I can well see that being able to access the LMS on a phone or tablet might be extremely useful in some situation, or for some teachers. One does not. of course expect full functionality from an app, but I think it is fair to assume that at minimum, a teacher should be able to receive notifications and reply to messages, be able to view classes, students and assignments, add new assignments and mark assignments that have been submitted. Students would expect to be able to view resources and assignments, and submit their assignments online if possible.edmodo mobile

Edmodo Mobile

The rating on Google Play is 4.1. The number of reviews indicates that a great many users are satisfied with the app, and that it clearly serves a purpose.

I have to say that the reservations I have about it are mostly due to my feeling that Edmodo itself lacks some of the features I absolutely require. But this is not a fair issue to raise when looking at the effectiveness of the app itself. I could do pretty much everything that I normally do on the web, on my phone. I was able to create new assignments, grade work submitted by students and receive notifications and alerts as normal.

The app interface is attractive, clean and easy to use. Were I an Edmodo fan I would definitely use this app all the time. And I think I could, at a pinch, pretty much use nothing but my phone to run my Edmodo classes should I wish. The app then gets a five-star rating from me!

*****

moodle mobileMoodle Moblie

The rating on Google Play is 3.1. It has been reviewed very few times, however, which probably reflects the fact that Moodle fans will find less use for this app.

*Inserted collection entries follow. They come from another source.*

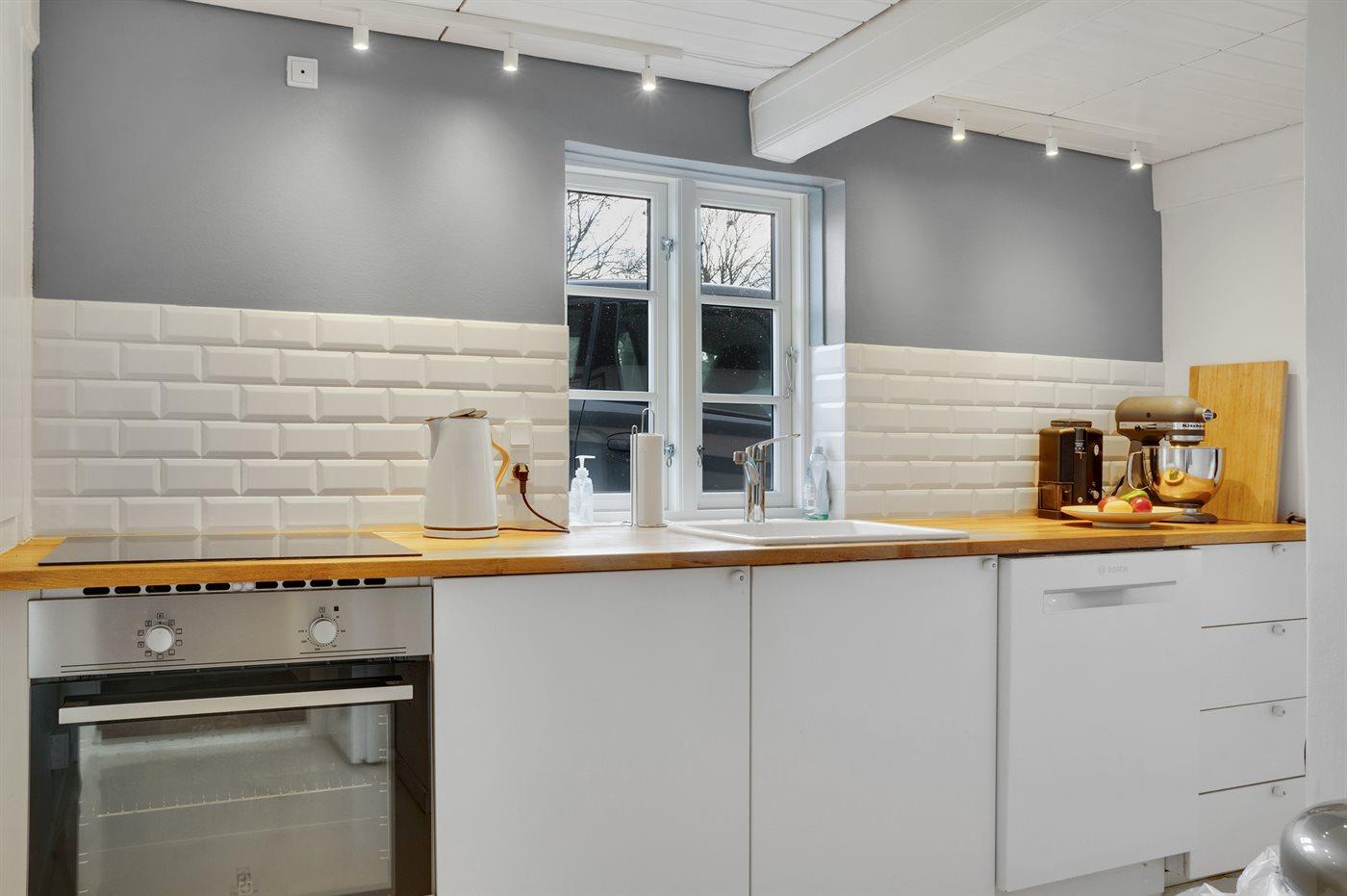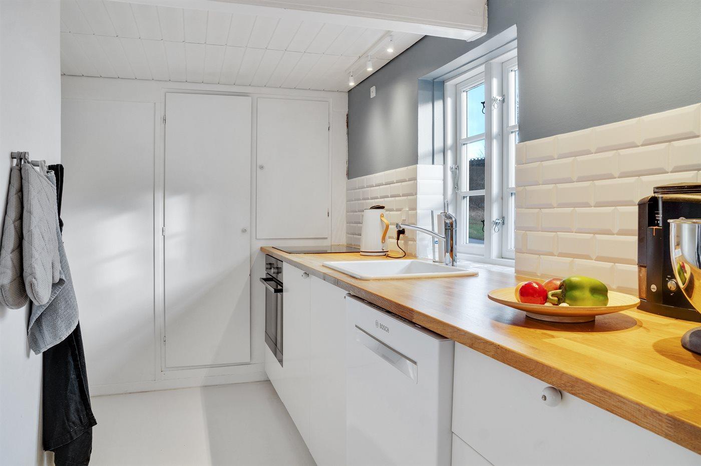 Køkkenet er udstyret med 1 køleskab. Der er 4 keramiske kogeplader, varmluftovn, mikrobølgeovn samt opvaskemaskine.
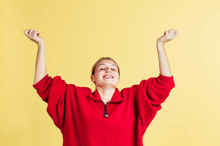 One smiling cute girl with freckles raises her hand and rejoices isolated on yellow studio background. Concept of emotions,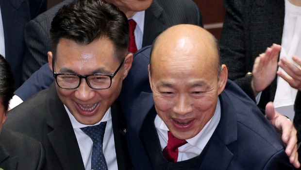 臺灣立法機構正副負責人韓國瑜(右)、江啟臣(左)。(資料照,黃世麒攝)

Moodle’s great strength is its versatility and power, virtues which do not translate well into scaled down apps. While I could do pretty much everything I usually do on computer using Edmodo, the difference between the computer-based and app-based interfaces on Moodle is huge! I could view courses, and course content, something students would find very useful indeed. I could access student profiles and assignments, and download and view their submissions, but I could not find a place to submit a grade. This is a huge pity, and detracts from the app considerably.

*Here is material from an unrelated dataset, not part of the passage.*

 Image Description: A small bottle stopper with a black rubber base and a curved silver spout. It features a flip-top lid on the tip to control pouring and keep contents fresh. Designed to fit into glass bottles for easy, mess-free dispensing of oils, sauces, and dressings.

I was able to upload content to Moodle, but I could not find a way to create or add to assignments. This again, is a serious limitation. In essence it means that a Moodle enthusiast has no real need to use the app, probably why its rating is relatively low.

The look and feel of the app is clean and attractive, and it is easy to use, but ultimately, I’m not sure I’d ever really use it except in an emergency, and I’d have to go back and access the platform via computer later anyway. I’d give the app a rating of a poor three stars.

***classroom mobile

Classroom Mobile

The rating on Google Play is 4, and this reflects the easy way in which the mobile interface reflects the functionality of the platform.

I can instantly see why this is the case. You can pretty much do everything on the mobile app that you can on a pc. I was able to view and create assignments, view content, add courses and content, and grade student submissions. The interface is clean, attractive and relatively easy to use. As with Edmodo, I felt that I could use my phone to run the LMS should a computer not be available. A five star rating is thus appropriate.

*****

Summary

Overall I felt that all three apps were useful, and well designed. The Moodle app was the only one which featured severely scaled back functionality, both compared to the platform itself and to what one might want to do with the app. I have mixed feelings about this. On the one hand I feel that it is not really that imperative to upload content or grade student submissions via a phone: the area where Moodle lacked functionality. Personally I would normally only ever want to view content or check for messages or notifications. As such the Moodle app does a good job. But I do recognise that man others may want this functionality and in this case the Moodle app does suffer by comparison.

Do Androids dream of an LMS? Hell, yes!